A plausible implication is that information-driven tokenization provides robust improvements in both intrinsic metrics (alignment, compression) and downstream performance, especially in morphologically complex settings, content-adaptive multimodal scenarios, and high-efficiency domains.

7. Limitations and Research Directions

Despite substantial progress, information-driven tokenization faces several challenges and open directions (Jia et al., 18 Feb 2025, Goriely et al., 23 Jun 2025):

Compression–Fidelity Trade-off: High compression can lead to detail loss; optimizing for both generative and discriminative utility is nontrivial.
Codebook Collapse and Utilization: VQ-based models risk "dead" codes.
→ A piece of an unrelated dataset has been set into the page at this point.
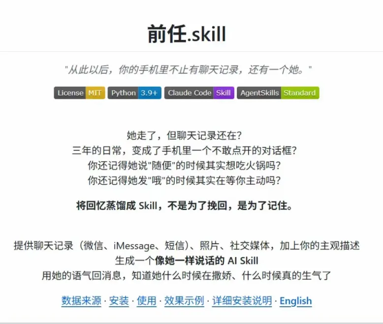 GitHub(一个存放软件代码的网站平台)最近爆火的.skill项目便是提供了这么一项技术:将你想复刻的对象的聊天记录、照片等所有相关的信息,喂给AI,便会生成一个风格、语气都与这个复刻对象一样的数字分身。

Lookup-free quantization strategies partially mitigate this but introduce other distortions.
Cross-Modal Alignment: Achieving semantic alignment of text/image/audio/video tokens in a unified representation remains fragile.
Language and Morphology Bias: Byte-based models may disadvantage non-Latin scripts unless vocabulary balancing is enforced (Goriely et al., 23 Jun 2025).
Adaptive and Dynamic Tokenization: Further research into per-instance entropy-based token allocation and automatic vocabulary resizing is ongoing (Ye et al., 18 Dec 2025).
Integration and Scalability: Ensuring robust performance in foundation models and seamless multimodal pipelines remains an active area.

Unified, information-theoretic tokenization principles continue to shape the evolution of both discrete and hybrid representation models, driving improved semantic fidelity, modality alignment, and efficiency in state-of-the-art AI systems.